Stop treating AI vendors as a replacement question and start evaluating them as an administrative shield question. The relevant test is not whether the technology is impressive. It is whether your nurses are documenting less, prioritizing better, and going home on time.
Talk to your nurses, not just at them. Ask what they want changed in the workflow this quarter. Then change one of those things by Q3. Nothing erodes trust faster than asking and not acting.
The Power of Nurses is not a campaign theme.
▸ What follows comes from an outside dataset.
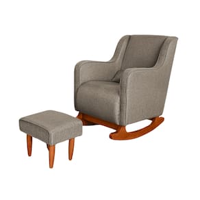 Poltrona Amamentação C / Balanço Cadeira Descanso Aquila Com Puff Linho - Marrom
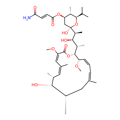 | SMILES | C[C@H]1C/C(=C\C=C/[C@@H]([C@H](OC(=O)/C(=C\C(=C/[C@H]([C@H]1O)C)\C)/OC)[C@@H](C)[C@H]([C@H](C)[C@]2(C[C@H]([C@@H]([C@H](O2)C(C)C)C)OC(=O)/C=C/C(=O)N)O)O)OC)/C |

It is the operating reality of every meaningful care intervention in American healthcare. Every value-based care contract a health system signs, every CCM and RPM revenue line on a P&L, every readmission avoided is downstream of a nurse who had the time and the tools to do the work.
Nurses Week is fine. Pizza is fine. The thank-you cards are fine. None of it is enough.
The honest tribute is structural. Build the operating model that lets the nurse be a nurse. Use AI to take everything off her plate that does not require her license. Pay her well. Listen when she tells you the workflow is broken, and fix it. Do that, and you will not need a campaign next May to remind anyone of the power of nurses. Your outcomes, your retention numbers, and your margin will already be saying it.
That is the only Nurses Week message worth sending.
Nurses Week 2026 runs May 6 to 12, with the ANA's theme The Power of Nurses anchoring the week. The data tells a harder story behind the celebration: more than half of U.S. healthcare workers plan to switch jobs in 2026, 41.5 percent of departing nurses cite burnout as the primary cause, and turnover-driven costs reach an estimated $4.6 billion annually with roughly $52,350 to replace a single bedside RN. Administrative burden, especially EHR click burden and documentation, is the consistent root cause. The honest tribute is not pizza, it is restructuring the operating model so nurses spend their time on the work only nurses can do, with AI absorbing the administrative load. Welby's model demonstrates the impact: 20 percent blood pressure reductions, 20 percent or greater blood glucose reductions in four weeks, and 5.5x adherence improvements in heart failure, all driven by RNs working inside AI-supported workflows. CMS's new 2026 RPM and RTM codes reward exactly that operating model.